Work to be completed: Word for word, copy the entire listing below, but do not carry over any pictures.

=== Collected data ===

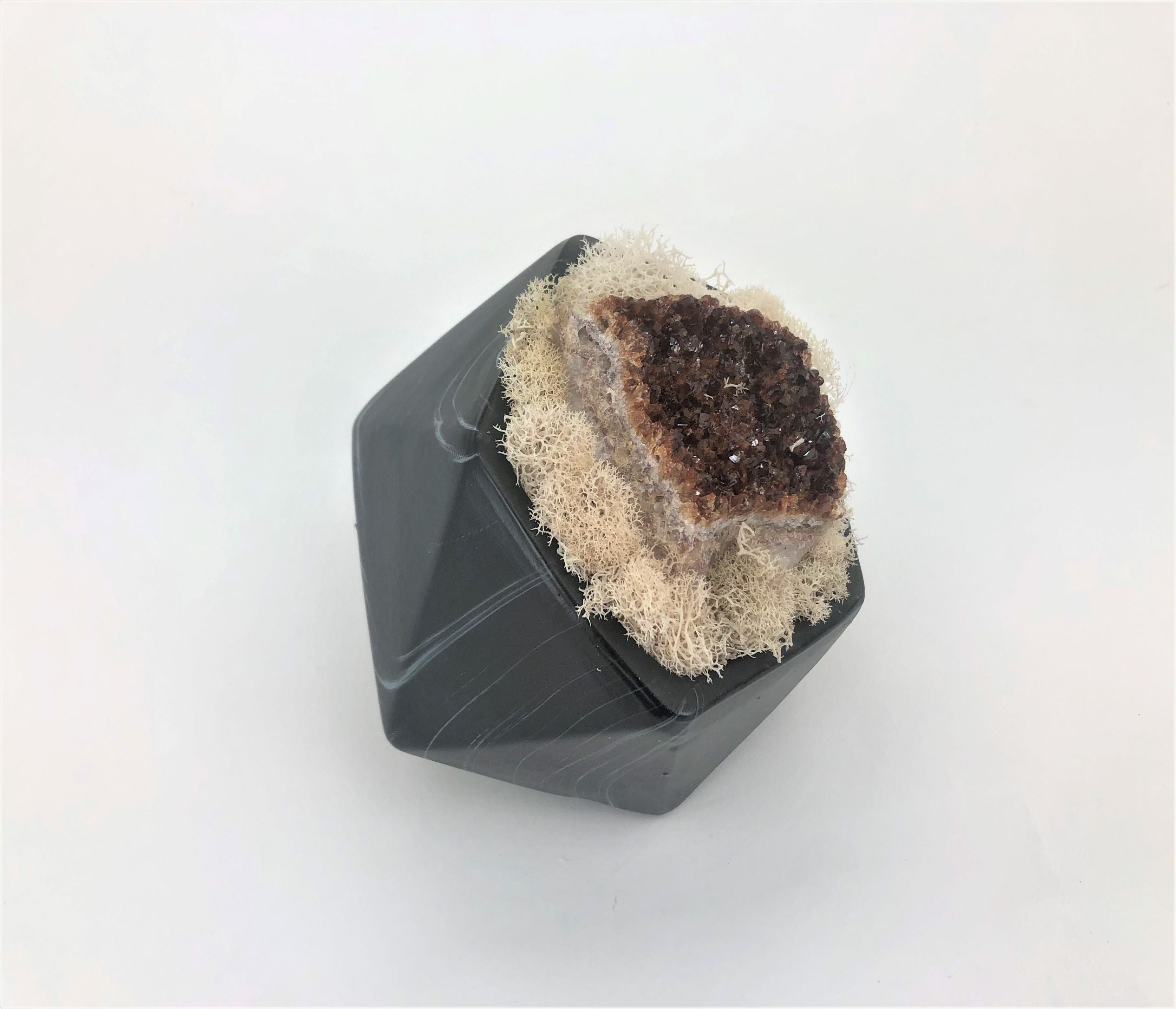 Black Marble like container multi faced filled w/preserved moss and Citrine
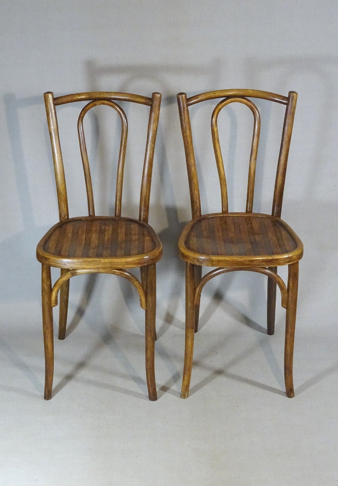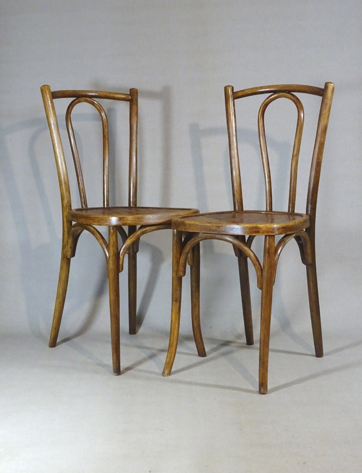 2 chaises bistrot Baumann n° 42 1/2 en bois courbé, 1925
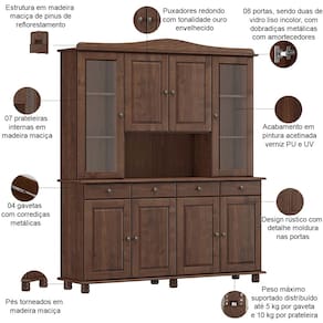 Fabricado em madeira maciça de altíssima qualidade, esse imponente armário com 8 portas (incluindo 2 portas com vidro estilo cristaleira) e 4 gavetas extras oferece um espaço generoso para organizar desde utensílios do dia a dia até coleções especiais de louças e alimentos. Os pés torneados robustos e os puxadores em tonalidade envelhecida reforçam o charme rústico, enquanto os vidros lisos nas portas criam um belo efeito de luz para exibir suas peças mais bonitas. O armário de cozinha rústico perfeito para cozinhas amplas, seja em casas de campo ou até mesmo na cidade, caso você goste de um ar vintage. Seja como for, o armário Lazuli transforma sua cozinha em um espaço digno de fazenda.
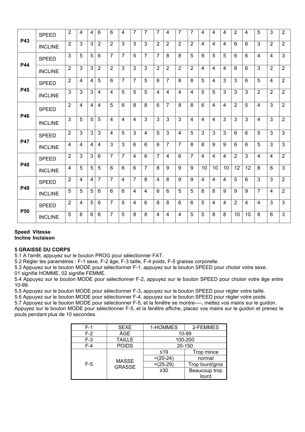 3.3 La touche « INC + / - » En fonctionnement, une pression sur ces touches permet d'augmenter ou de diminuer l'inclinaison d'un niveau à chaque fois ; Si vous appuyez sur ces touches pendant plus de 3 secondes, l'inclinaison augmentera ou diminuera constamment. 3.4 La touche « MODE » : la touche « MODE » à l’état d’arrêt permet de sélectionner le temps, la distance et les calories de façon circulaire. 3.5 Haut-parleur Bluetooth pour écouter de la musique 3.6 Touches de vitesse rapide : 3 KM 3.7 Touches d’inclinaison rapide : 3 Inclinaison 3.8 PROG : Utilisez cette touche pour choisir les programmes : P01-P50 sont des programmes préréglés/ HR1-HR2-HR3 sont des programmes de contrôle de la fréquence cardiaque / MASSE GRASSE : Mesure la masse grasse

===

Result of the exercise:
 Black Marble like container multi faced filled w/preserved moss and Citrine
 2 chaises bistrot Baumann n° 42 1/2 en bois courbé, 1925
 Fabricado em madeira maciça de altíssima qualidade, esse imponente armário com 8 portas (incluindo 2 portas com vidro estilo cristaleira) e 4 gavetas extras oferece um espaço generoso para organizar desde utensílios do dia a dia até coleções especiais de louças e alimentos. Os pés torneados robustos e os puxadores em tonalidade envelhecida reforçam o charme rústico, enquanto os vidros lisos nas portas criam um belo efeito de luz para exibir suas peças mais bonitas. O armário de cozinha rústico perfeito para cozinhas amplas, seja em casas de campo ou até mesmo na cidade, caso você goste de um ar vintage. Seja como for, o armário Lazuli transforma sua cozinha em um espaço digno de fazenda.
 3.3 La touche « INC + / - » En fonctionnement, une pression sur ces touches permet d'augmenter ou de diminuer l'inclinaison d'un niveau à chaque fois ; Si vous appuyez sur ces touches pendant plus de 3 secondes, l'inclinaison augmentera ou diminuera constamment. 3.4 La touche « MODE » : la touche « MODE » à l’état d’arrêt permet de sélectionner le temps, la distance et les calories de façon circulaire. 3.5 Haut-parleur Bluetooth pour écouter de la musique 3.6 Touches de vitesse rapide : 3 KM 3.7 Touches d’inclinaison rapide : 3 Inclinaison 3.8 PROG : Utilisez cette touche pour choisir les programmes : P01-P50 sont des programmes préréglés/ HR1-HR2-HR3 sont des programmes de contrôle de la fréquence cardiaque / MASSE GRASSE : Mesure la masse grasse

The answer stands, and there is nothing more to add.